Para se distinguir do candidato de Bolsonaro, com quem disputa os votos do eleitor anti-PT, de centro-direita e mais conservador, Rodrigo Garcia vai insistir no argumento de que o ex-ministro da Infraestrutura é um forasteiro e que, portanto, não conheceria a fundo os problemas de São Paulo.  “Garcia é paulista raiz, o outro (Tarcísio de Freitas) é carioca. Rodrigo tem atuação na política paulista há 26 anos, já Tarcísio nunca se dedicou ao povo de São Paulo. Um come pastel e outro come ‘paxtel’, entendeu?”, diz o prefeito tucano de São Bernardo do Campo, Orlando Morando, antecipando as linhas gerais da narrativa da campanha.

Para além do catastrófico significado político de uma eventual derrota na própria trincheira do PSDB, um possível infortúnio de Rodrigo Garcia nas urnas tem potencial de impactar o desempenho do partido também nas eleições municipais de 2024. Se, em 2020, quando tinha Doria à frente do governo, a legenda viu cair de 785 para 512 o número de prefeituras que comandava, o placar pode ser ainda mais amargo caso a sigla perca a disputa pelo Palácio dos Bandeirantes neste ano. Pode frustrar, inclusive, o sonho da retomada do controle da prefeitura de São Paulo — depois da morte de Bruno Covas, a cidade passou às mãos do emedebista Ricardo Nunes.

Olhando para 2022, além da falta de perspectiva de vencer a disputa pela Presidência – os tucanos que se apresentam como candidatos ao Planalto, como Doria e o ex-governador do Rio Grande do Sul Eduardo Leite, têm hoje entre 1% e 2% das intenções de voto –, o partido está pessimista quanto à possibilidade de até mesmo repetir o resultado da eleição de 2018 para a Câmara, quando conquistou 29 assentos num desempenho já aquém das expectativas na ocasião.

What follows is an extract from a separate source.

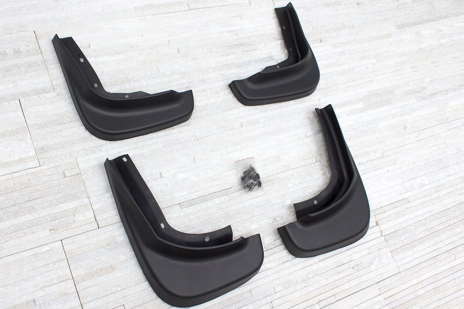 У набір входить набір із чотирьох бризговиків та елементів кріплення. Виріб встановлено на заводські місця, без додаткових доробок. Ми рекомендуємо установку в професійній майстерні.
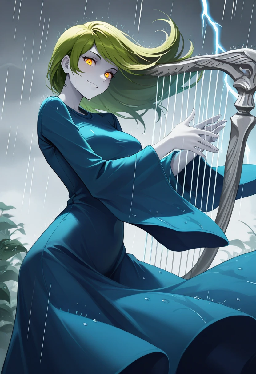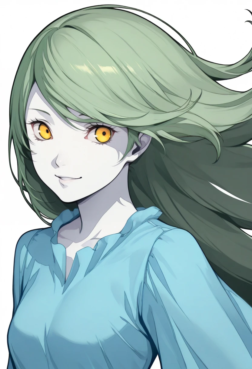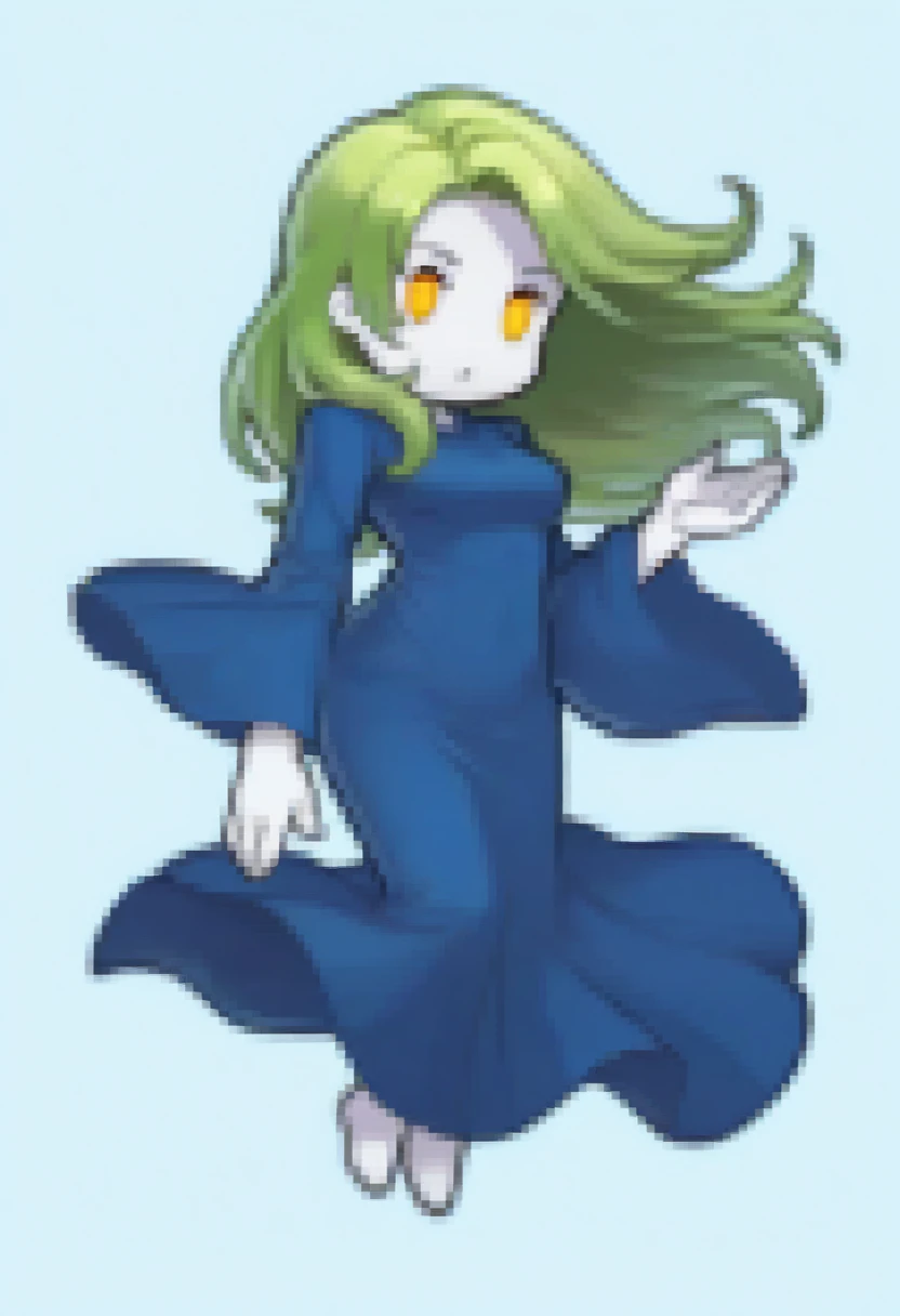 l0r3leismt, green hair, long hair, swept hair, hair blowing in the wind, colored skin, white skin, yellow eyes, blue dress, wide sleeves, long dress

Na janela partidária que se encerrou na sexta-feira, 1º, a agremiação saiu com menos dois deputados: caiu de 29 para 27. Um dos dois é o mineiro Domingos Sávio, que estava na legenda havia 34 anos e era vice-presidente na Executiva Nacional. Em relação às disputas estaduais, afora Garcia, a principal chance de vitória seria em Alagoas, mas Rodrigo Cunha, incentivado pelo presidente da Câmara, Arthur Lira, trocou o PSDB pela União Brasil na última semana. Com um cenário tão desfavorável, segundo os próprios tucanos, perder em São Paulo “não é uma opção”.